A team of scientists led by Professor Serena Nik-Zaina from CUH and the University of Cambridge analysed thousands of tumours from NHS cancer patients in the biggest study of its kind, which revealed more than 50 new potential causes for cancer.
As a result of analysing the complete genetic make-up or whole-genome sequences (WGS) of the patients the researchers were able to detect patterns in the DNA of cancer or ‘mutational signatures’, that provide clues about whether a patient has had a past exposure to environmental causes of cancer such as smoking or UV light, or has internal, cellular malfunctions.
A total of 58 new mutational signatures were spotted, indicating there could be additional causes of cancer that we don’t fully understand yet.
Serena Nik-Zainal, a professor of genomic medicine and bioinformatics at the University of Cambridge and an honorary consultant in clinical genetics at CUH said: “The reason it is important to identify mutational signatures is because they are like fingerprints at a crime scene - they help to pinpoint cancer culprits. Some mutational signatures have clinical or treatment implications – they can highlight abnormalities that may be targeted with specific drugs or may indicate a potential ‘Achilles heel’ in individual cancers.”
She added: “We were able to perform a forensic analysis of over 12,000 NHS cancer genomes thanks to the generous contribution of samples from patients and clinicians throughout England. We have also created FitMS, a computer-based tool to help scientists and clinicians identify old and new mutational signatures in cancer patients, to potentially inform cancer management more effectively.”
The genomic data needed for the study was provided by the 100,000 Genomes Project, an England-wide clinical research initiative to sequence 100,000 whole genomes from around 85,000 patients affected by rare disease or cancer.

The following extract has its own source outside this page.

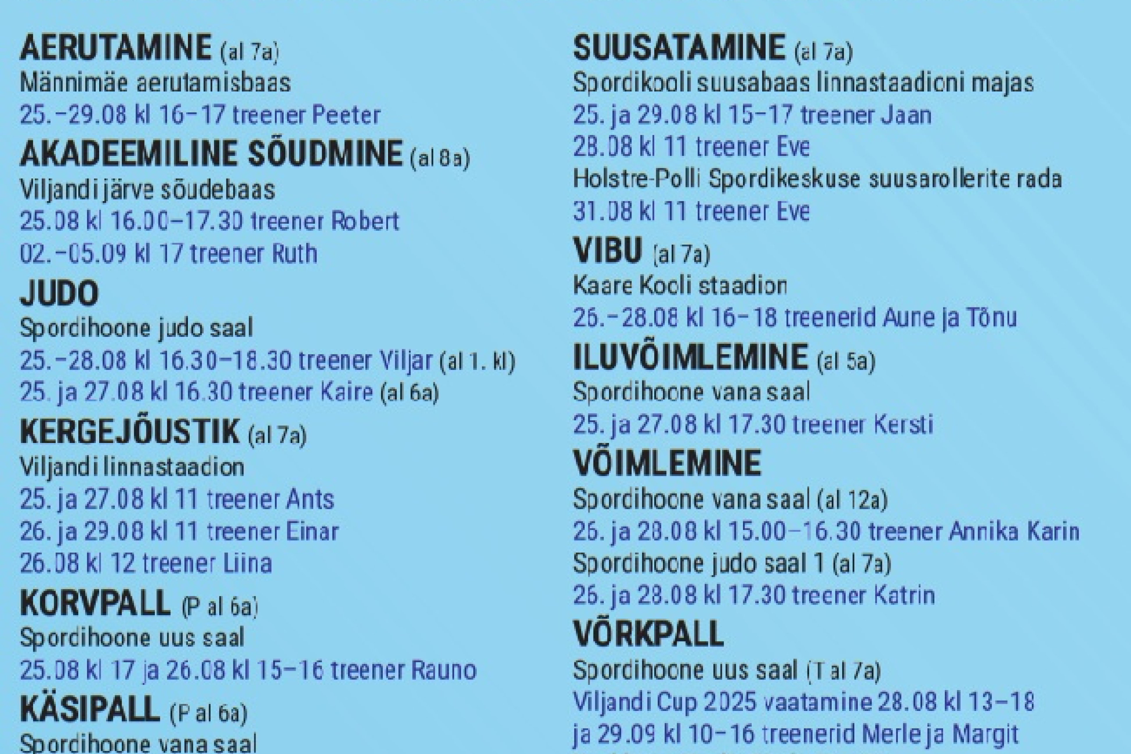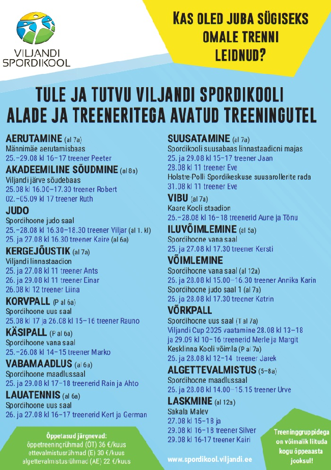 KERGEJÕUSTIK Viljandi linnastaadion | al 7.a | Treener Liina | 26.08 kl 12 |

Michelle Mitchell, chief executive of Cancer Research UK, said: “This study shows how powerful whole genome sequencing tests can be in giving clues into how the cancer may have developed, how it will behave and what treatment options would work best.
She concluded: “It is fantastic that insight gained through the NHS 100,000 Genomes Project can potentially be used within the NHS to improve the treatment and care for people with cancer.”
The research, supported by Cancer Research UK and the NIHR Cambridge Biomedical Research Centre, was published in the journal Science.